Available data:
□ □ □ □

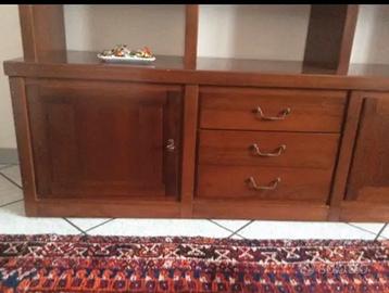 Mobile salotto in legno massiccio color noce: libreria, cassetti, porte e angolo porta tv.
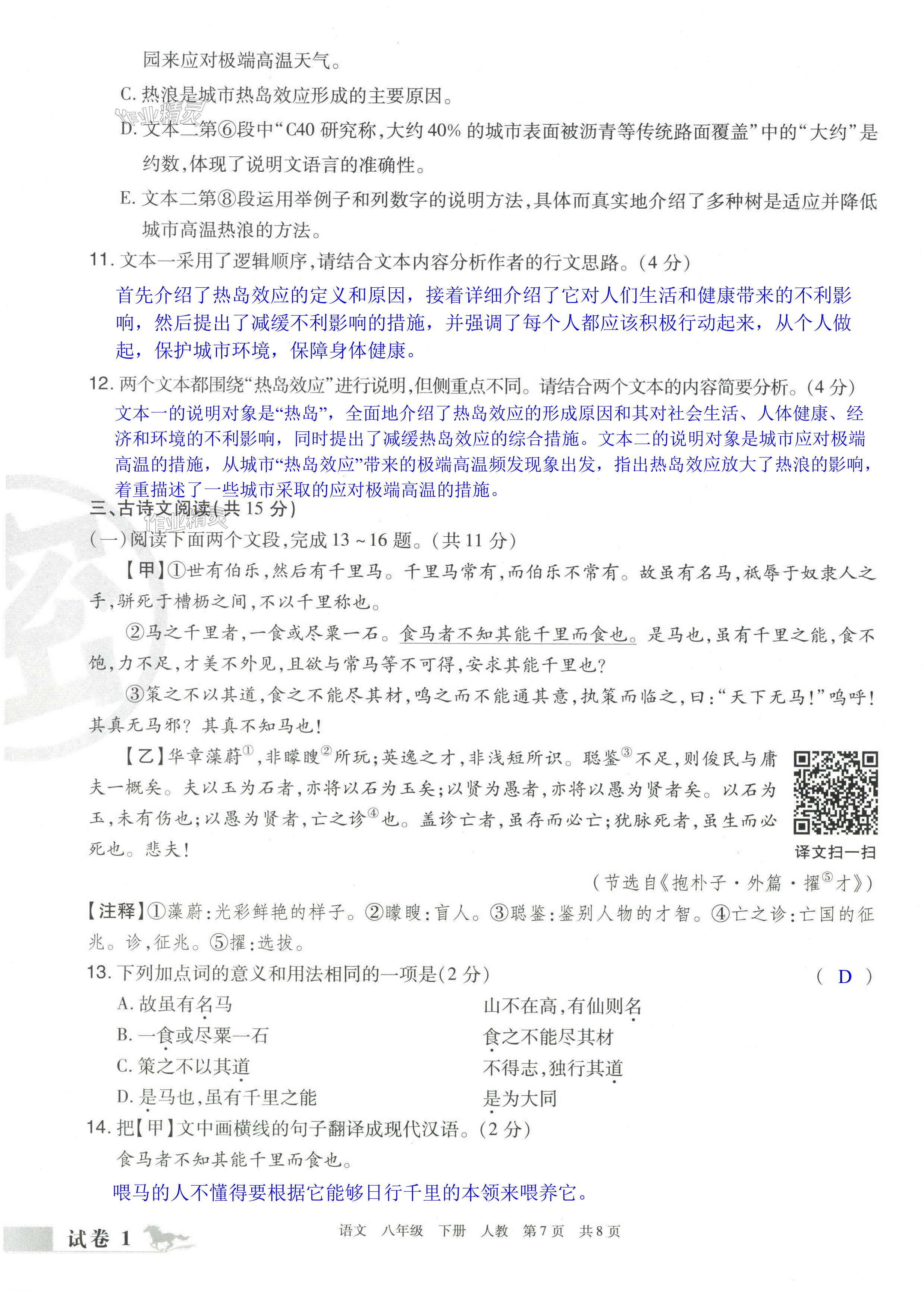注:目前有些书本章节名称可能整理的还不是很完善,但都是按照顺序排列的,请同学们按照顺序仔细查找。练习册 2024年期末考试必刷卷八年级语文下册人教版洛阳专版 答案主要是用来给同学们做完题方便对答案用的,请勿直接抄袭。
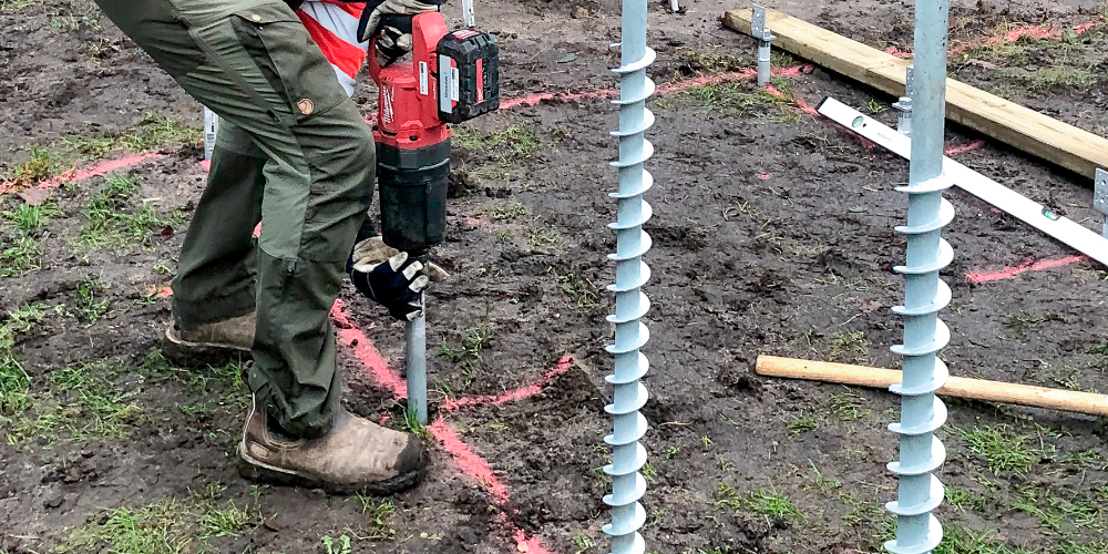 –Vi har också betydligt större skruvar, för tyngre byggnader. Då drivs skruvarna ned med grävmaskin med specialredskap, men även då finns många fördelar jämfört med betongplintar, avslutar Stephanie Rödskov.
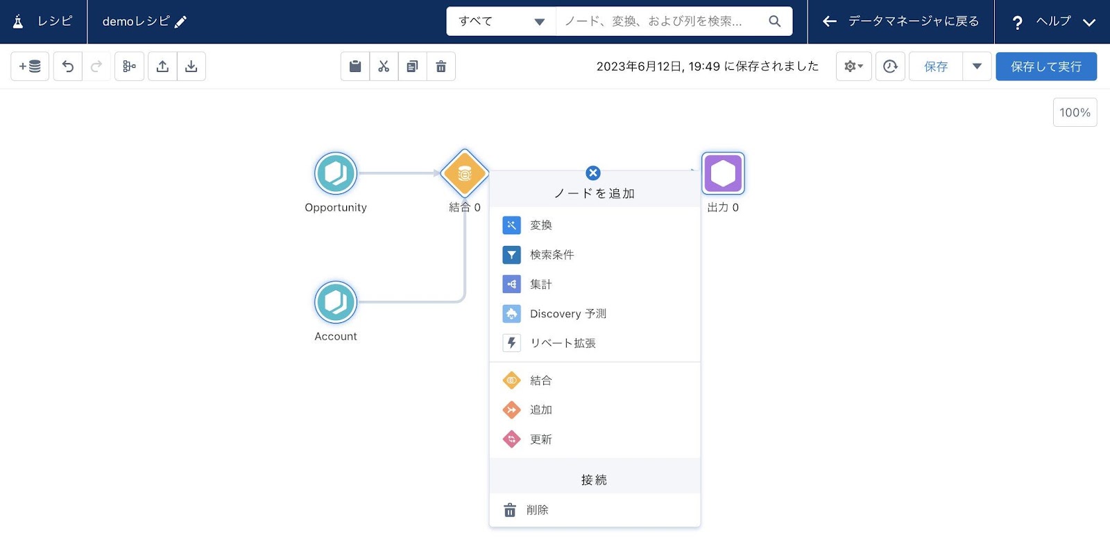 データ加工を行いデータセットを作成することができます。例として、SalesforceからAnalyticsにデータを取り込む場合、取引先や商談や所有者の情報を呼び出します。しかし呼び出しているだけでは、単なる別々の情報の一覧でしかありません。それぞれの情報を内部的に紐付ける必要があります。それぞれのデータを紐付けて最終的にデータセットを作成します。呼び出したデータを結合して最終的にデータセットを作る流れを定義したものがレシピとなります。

□ □ □ □

What is expected:
Apart from the images, every line above is to be given again exactly.

Response for this exercise:
 Mobile salotto in legno massiccio color noce: libreria, cassetti, porte e angolo porta tv.
注:目前有些书本章节名称可能整理的还不是很完善,但都是按照顺序排列的,请同学们按照顺序仔细查找。练习册 2024年期末考试必刷卷八年级语文下册人教版洛阳专版 答案主要是用来给同学们做完题方便对答案用的,请勿直接抄袭。
 –Vi har också betydligt större skruvar, för tyngre byggnader. Då drivs skruvarna ned med grävmaskin med specialredskap, men även då finns många fördelar jämfört med betongplintar, avslutar Stephanie Rödskov.
 データ加工を行いデータセットを作成することができます。例として、SalesforceからAnalyticsにデータを取り込む場合、取引先や商談や所有者の情報を呼び出します。しかし呼び出しているだけでは、単なる別々の情報の一覧でしかありません。それぞれの情報を内部的に紐付ける必要があります。それぞれのデータを紐付けて最終的にデータセットを作成します。呼び出したデータを結合して最終的にデータセットを作る流れを定義したものがレシピとなります。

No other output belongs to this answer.